在之前的帖子中,我们完成了神经网络自动驾驶小车的硬件搭建与底盘控制。当小车通过WiFi无线连接到网络后,已经可以对其进行远程操控,成为一辆无线遥控小车,但是这还不够,本讲我们将为它搭建神经网络控制器,赋予它自己的思想。
本篇我们将从0开始搭建并训练一个神经网络,用它来控制小车的运动。
要训练神经网络,我们首先需要的就是训练神经网络所需的数据集。对于本作品,我们收集训练数据的思路如下:使用电脑远程控制,手动控制小车在跑道上运动,此时小车摄像头采集到的道路图像数据将发送至电脑,电脑将当前道路图像数据与当前的操控方向打包存储起来,制作成一个数据集。
为了实现这个功能,我们需要在PYNQ-Z2开发板上安装视频流服务器,使车载摄像头采集到的图像数据实时传输至电脑端。在本作品中,我使用的是一个成熟的开源软件:mjpg-streamer,从网上下载源码并编译安装后,只需运行服务器的启动脚本“start.sh”,就可以启动流服务器。

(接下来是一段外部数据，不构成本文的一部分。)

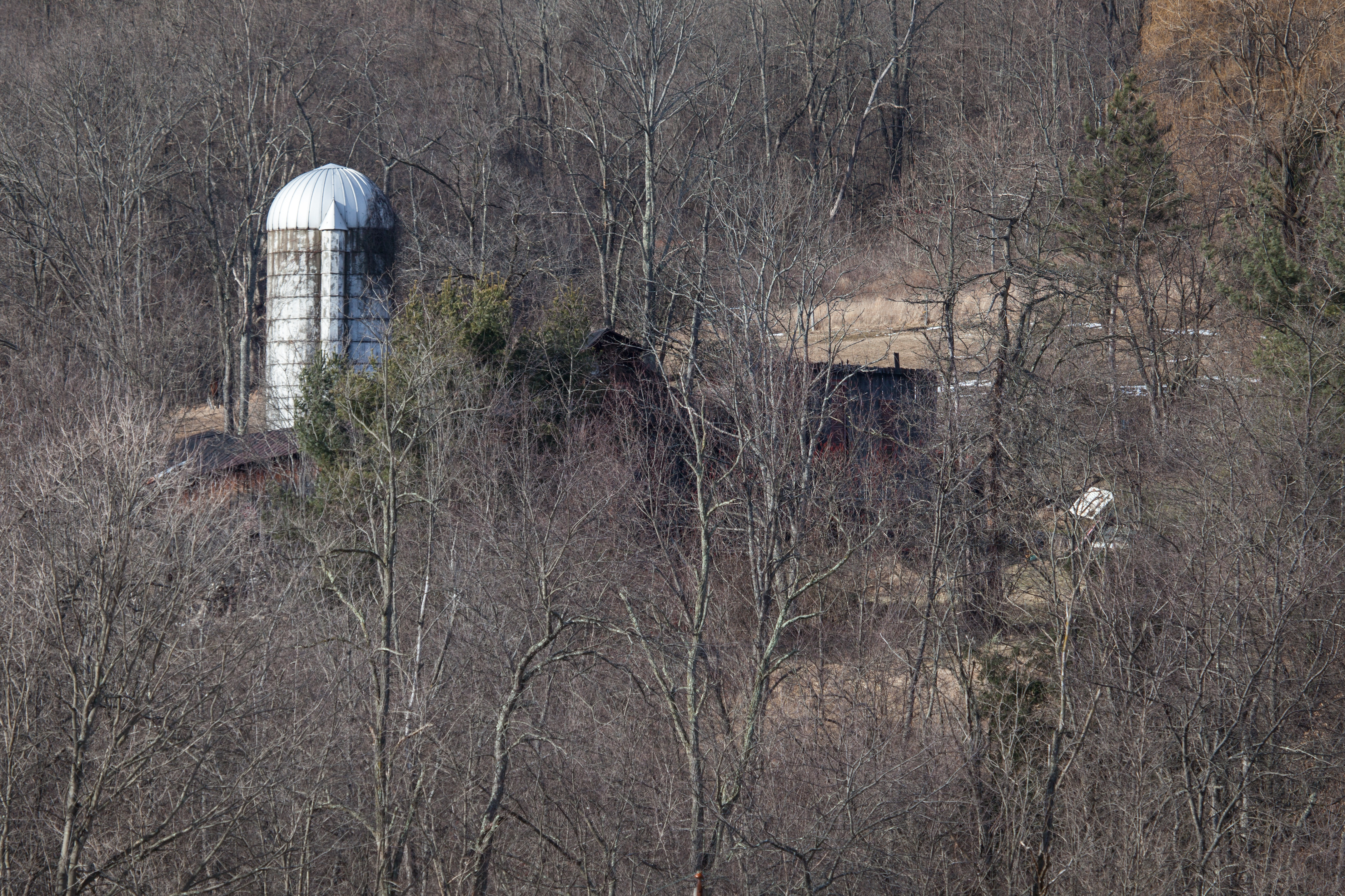 The 19th century barn and 1940s silo, one of the outbuildings of the Philip Friend House in North Bethlehem Township, Pennsylvania. The area is heavily wooded, and is seen here from the nearby Little Daniels Run Rd.

这时,在同一网段下的其他电脑,可以通过链接“pynq:8080/?action=stream”获取数据流,上位机接收数据流,并使用OpenCV重新解码为图像,进行后续处理。
上位机接收视频流的代码如下:
- import re
- from urllib.request import urlopen
- import cv2
- import numpy as np
- # mjpg-streamer URL
- url = 'http://192.168.1.103:8080/?action=stream'
- stream = urlopen(url)
-
- # Read the boundary message and discard
- stream.readline()
- sz = 0
- rdbuffer = None
- clen_re = re.compile(b'Content-Length: (d+)\r\n')
- # Read each frame
- # TODO: This is hardcoded to mjpg-streamer's behavior
- while True:
-
- stream.readline() # content type
-
- try: # content length
- m = clen_re.match(stream.readline())
- clen = int(m.group(1))
- except:
- break
-
- stream.readline() # timestamp
- stream.readline() # empty line
-
- # Reallocate buffer if necessary
- if clen > sz:
- sz = clen*2
- rdbuffer = bytearray(sz)
- rdview = memoryview(rdbuffer)
-
- # Read frame into the preallocated buffer
- stream.readinto(rdview[:clen])
-
- stream.readline() # endline
- stream.readline() # boundary
-
- # This line will need to be different when using OpenCV 2.x
- img = cv2.imdecode(np.frombuffer(rdbuffer, count=clen, dtype=np.byte), flags=cv2.IMREAD_COLOR)
- # Show Image
- cv2.imshow('Image', img)
- c = cv2.waitKey(1)
- if c & 0xFF == ord('q'):
- exit(0)
复制代码
下一步,我们还需要编写远程控制小车运动的代码,作为一个可以远程控制小车的上位机控制端。在本讲中我们使用串口对底盘进行控制,向底盘发送“F”、“B”、“L”、“R”等字符,将控制底盘做出前进、后退、左转、右转等动作。PYNQ-Z2开发板上运行ser2net程序,其作用是通过无线网络接收字符串,并使用串口将信息转发至底盘控制器。
远程控制底盘运动代码如下:
最后,我们将以上两个程序融合,并加入制作数据集的代码,数据集采集程序就编写完成了。数据集采集使用Python的Numpy库完成,将采集得到的数据集保存为“.npz”格式的数据集文件。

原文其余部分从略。